Ein Bild aus dem Referat der feminstischen Theologin Ina Prätorius, die einen eigenwilligen Ansatz der Wirt(in)schaft vorstellte, beschreibt die derzeitige Lage eigentlich sehr schön: Unsere Gesellschaften können
wir uns als große Zimmer vorstellen in denen der - an sich nützliche und vielleicht sogar schöne Schrank, die Arbeit, in der Mitte des Zimmer steht anstatt am Rande, wo erst seine guten Eigenschaften so richtig zur Geltung kommen.
Und gegen die oft weitverbreitete Stimmung von Ohnmacht und Lähmung rät sie: "Nehmen Sie sich doch alle ernster. Hier nehmen doch an die 500 Leute teil, die ständig dran sind, den im Zentrum störenden Schrank an seinen Platz am Rand zu schieben.
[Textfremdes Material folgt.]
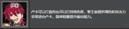 卢卡可以打直伤也可以打持续伤害,拳王套提供增伤和攻击力非常适合卢卡,简单粗暴提升输出能力。
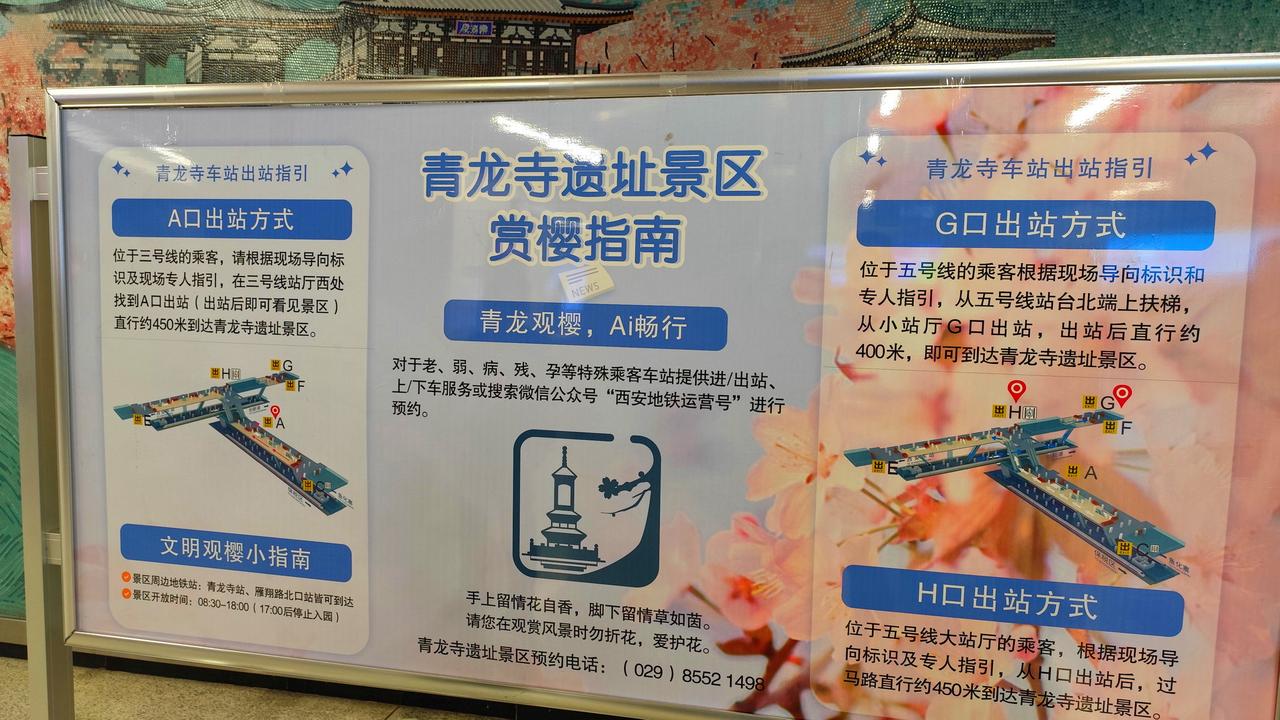 青龙寺的樱花开了,值得专门跑一趟吗?别急,跟着本账号的镜头,带你先睹为快👀刚到青龙寺地铁站,一出闸机就被整整齐齐的赏樱指引震住了——路面指示标、赏樱路线图、交通导览牌,一路铺到出站口。现场还有工作人员值守,随时解答问题。 地铁这波操作,真的是把“贴心”打在公屏上💯目前早樱已进入观赏期,垂樱初绽,枝头粉白相间,微风一吹,花瓣轻摇,氛围感直接拉满。建议赶早来,人少光线好,出片率更高📸。记得提前预约,并带上身份证,刷卡即可进入。 📍交通:地铁3号线/5号线青龙寺站G口出,步行约5分钟即达 🎫门票:免费,可提前在官方平台预约 🗓️最佳观赏期:3月下旬至4月上旬
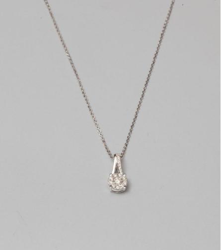 Chain and pendant in white gold, covered with diamonds, weight: 1,9gr. gross
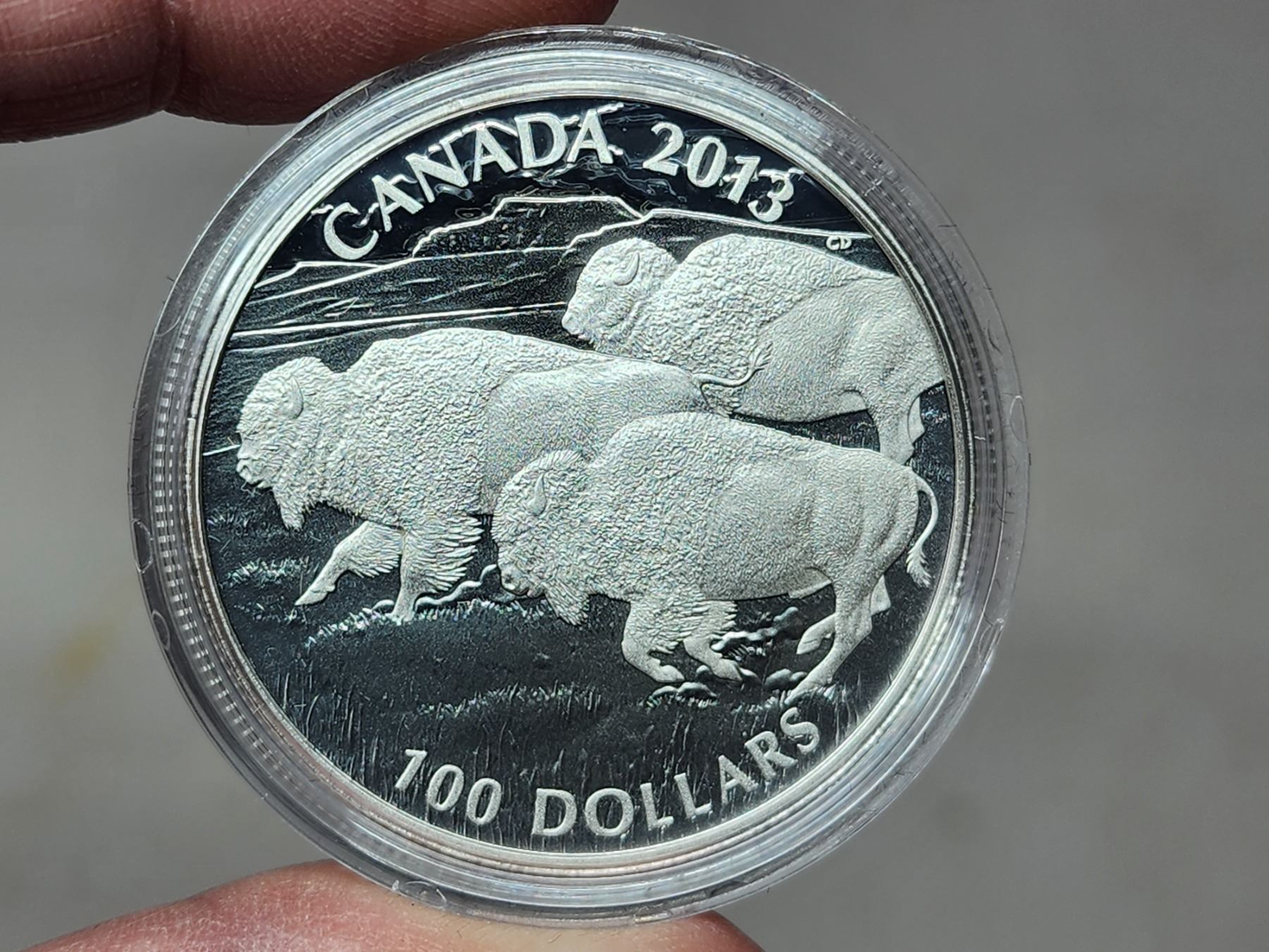 2013 "Bison Stampede" Canadian 100 dollar, fine silver coin

Dass das dauert, darf uns doch nicht
so wundern."

Und so hat die 6. Armutskonferenz die TeilnehmerInnen mit einer Fülle von neuen Vorschlägen, Erkenntnissen und Forderungen zu den anderen Zimmern entlassen, in denen jeweils an sich nützliche und vielleicht sogar schöne Dinge vom Zentrum an den Rand gerückt werden müssen, um Raum zu machen für Aushandlungsprozesse, die alle einbeziehen und allen nützen.